2000's Ventura v-tec Alpha: +90 secs

2004 VDB Chronorace 1 (ETA): +49 secs

1970's/1980's Elektronika LCD: -42 secs

1990's Camel Trophy (Miyota): +35 secs

1997 CWC G10: -17 secs

2000's Tissot T-Touch: -14 secs

2000's Yes Space: -1 sec

These may not all fit in your specified price band or style, but it may give you some ideas.


----------



## MartinAtton (Mar 14, 2005)

I haven't put a post on here for some time, however I have one of these ultra high frequency Seiko watches supposed to be accurate to within 20 seconds a year. I have only had the watch for a fortnight and as yet I can't discern even a fraction of a second devation in its timekeeping.

Here is a picture of it!



















Cheers,

Martin


----------



## m58dh (Aug 22, 2004)

Thanks guys, you're giving me a lot of good stuff to think about and some great watch recommendations to research!

Regards

Michael (m58dh)


----------



## JoT (Aug 12, 2003)

MartinAtton said:


> I haven't put a post on here for some time, however I have one of these ultra high frequency Seiko watches supposed to be accurate to within 20 seconds a year. I have only had the watch for a fortnight and as yet I can't discern even a fraction of a second devation in its timekeeping.
> 
> Here is a picture of it!
> 
> ...


Nice classic design Martin


----------



## Griff (Feb 23, 2003)

Is it too obvious to say a radio controlled Casio G shock


----------



## m58dh (Aug 22, 2004)

Not a big fan of the Casio's. Not because they don't perform well, from what I understand they do. It's just that I like traditional watches as opposed to the Casio, Ventura's, Yes watches etc.

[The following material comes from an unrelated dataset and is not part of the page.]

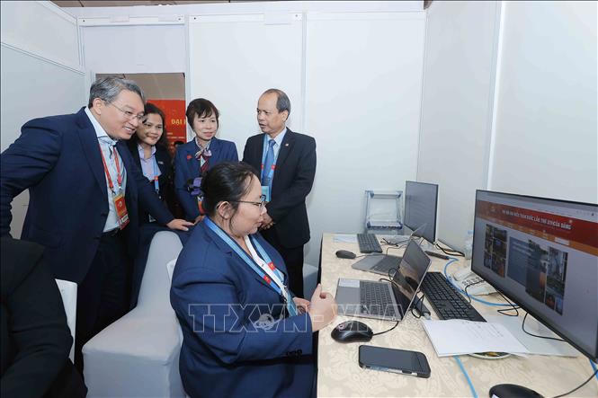 Bộ trưởng Bộ Tư pháp thăm khu vực tác nghiệp của TTXVN tại Đại hội XIV của Đảng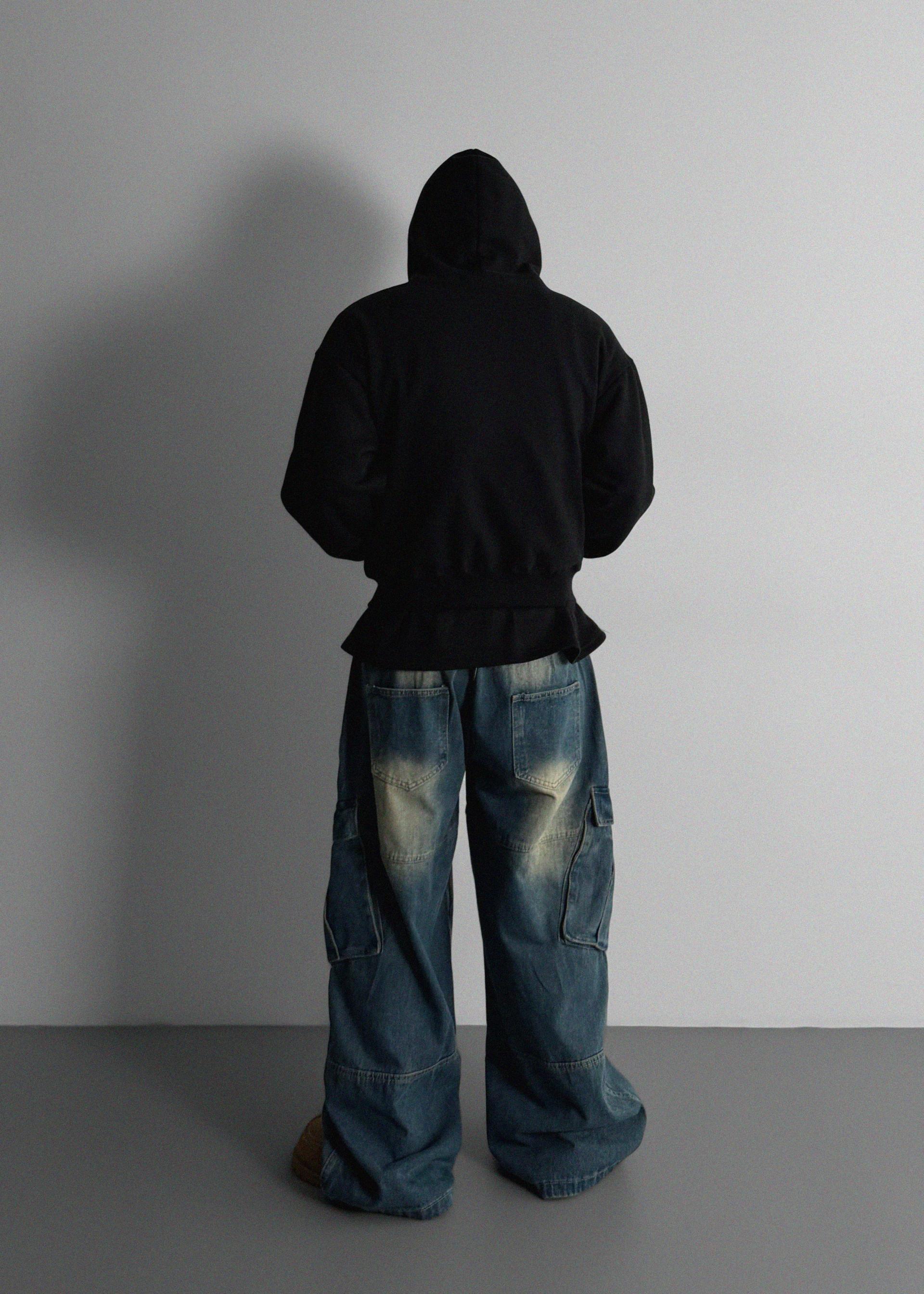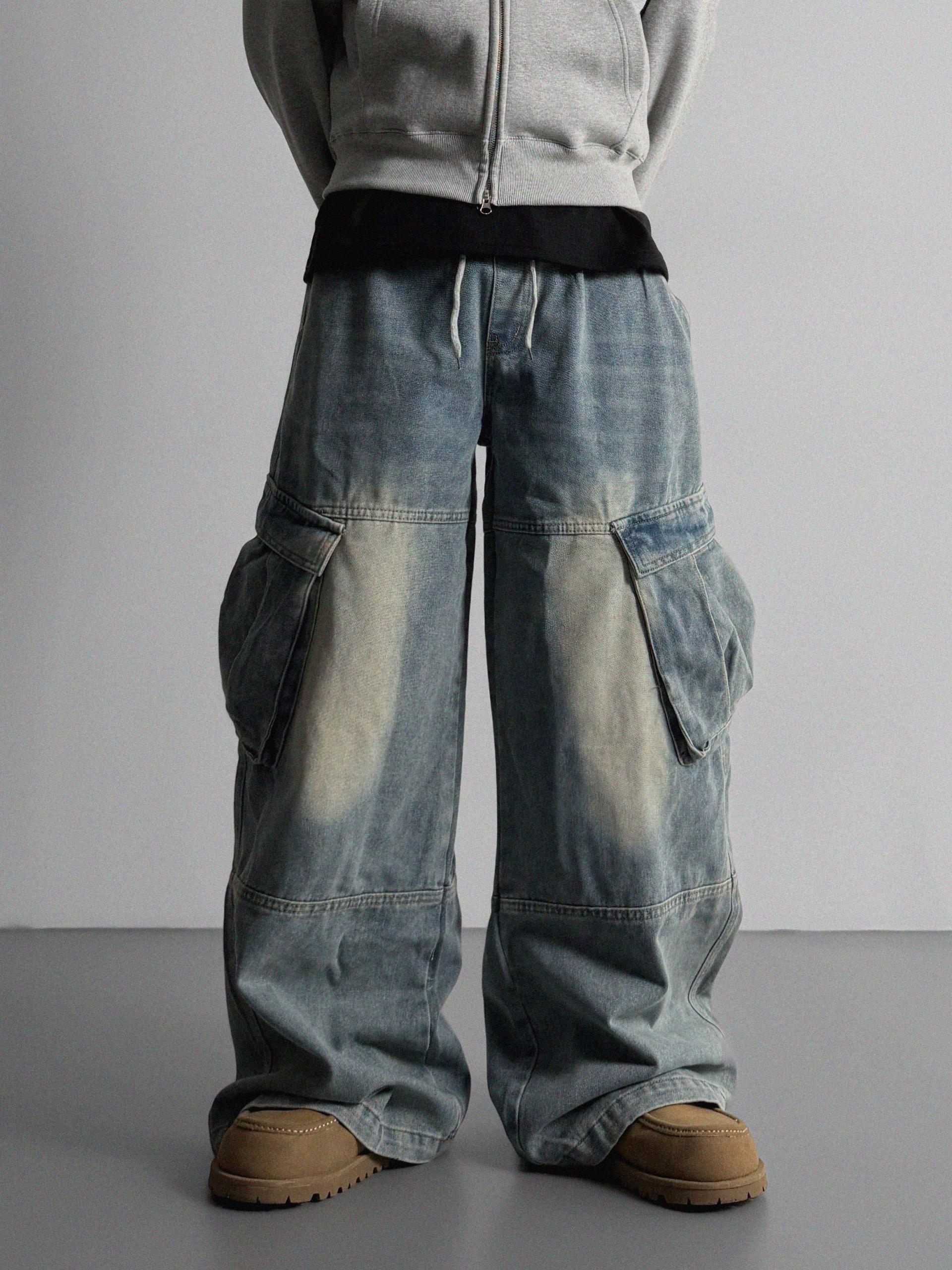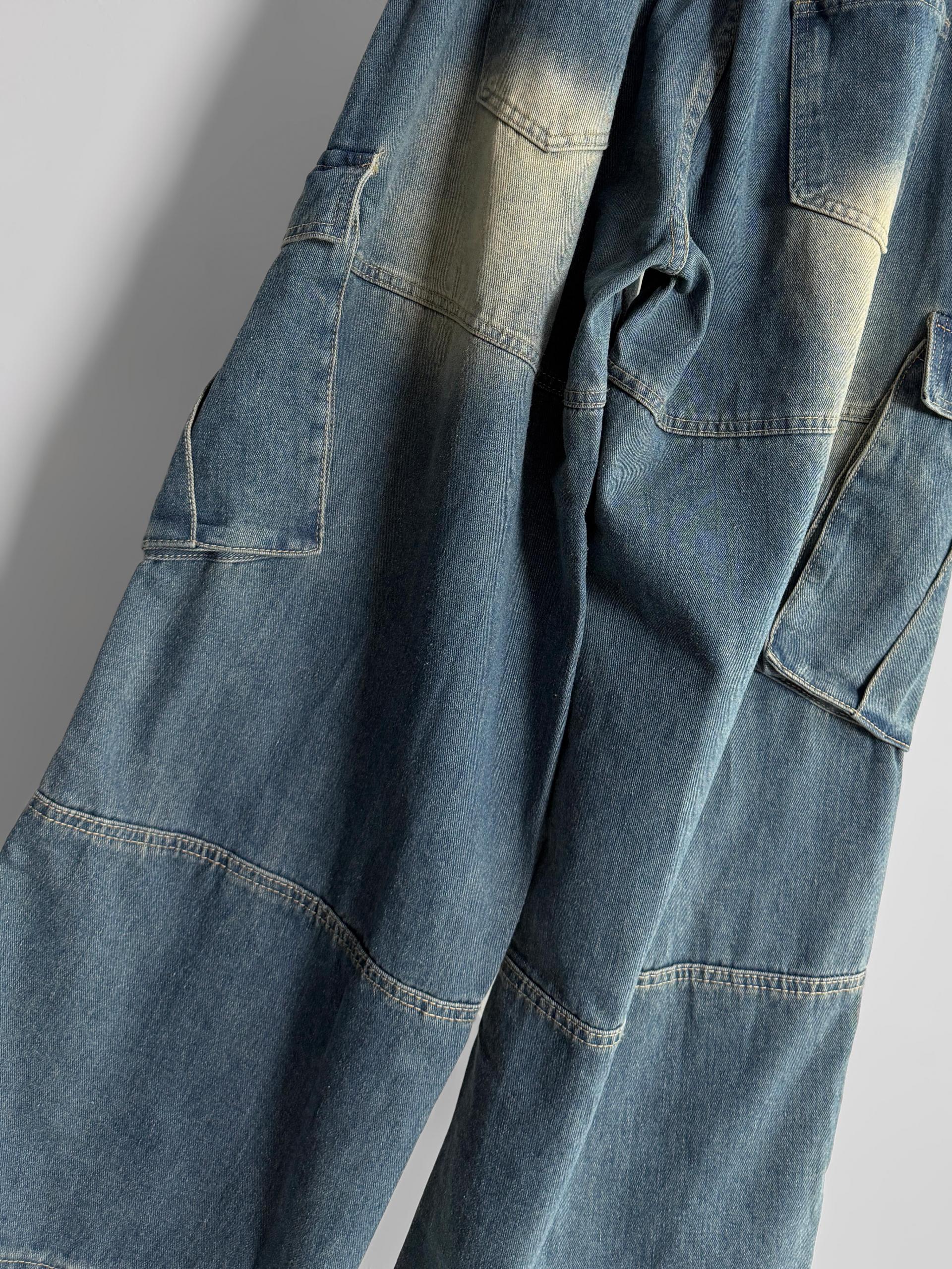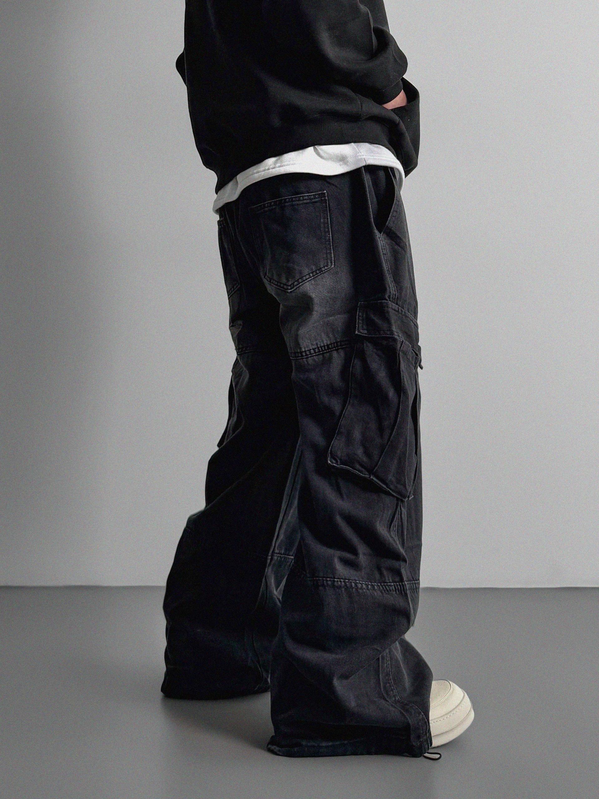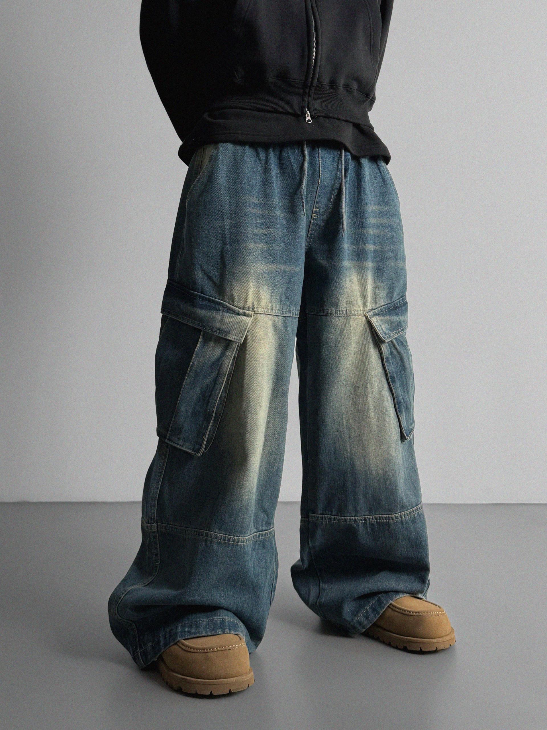 밴딩 와이드 데님 카고 팬츠

Frow what I understand the Casio's are very popular with some of our service personell in hositle or rugged environments. To bad they didn't have them when I was in the service, I would have purchased one just for such situations!

Thanks

Michael


----------



## peter (Feb 23, 2003)

At the risk of creating ire, I can safely say that Timex Ironman 100 and 200 are reliable, reasonably accurate and take a hell of a battering. If you're into sport consider the 200. The facilities are terrific. Ten interval timers, countdowns etc., etc.,

Suunto Observers are a great watch too, bit expensive but highly usable and readily servicable ie battery changes.

Peter


----------



## psychlist (Feb 28, 2005)

I bought this Rotary about a month ago for Â£30 or so and it has settled down to keep accurate time - it hasn't lost or gained a second in two weeks - Swiss quartz movement -


----------



## Boxbrownie (Aug 11, 2005)

If your just worried about day to day accuracy I would have thought that any of the wave-ceptor or other radio controlled watches would fit the bill admirably?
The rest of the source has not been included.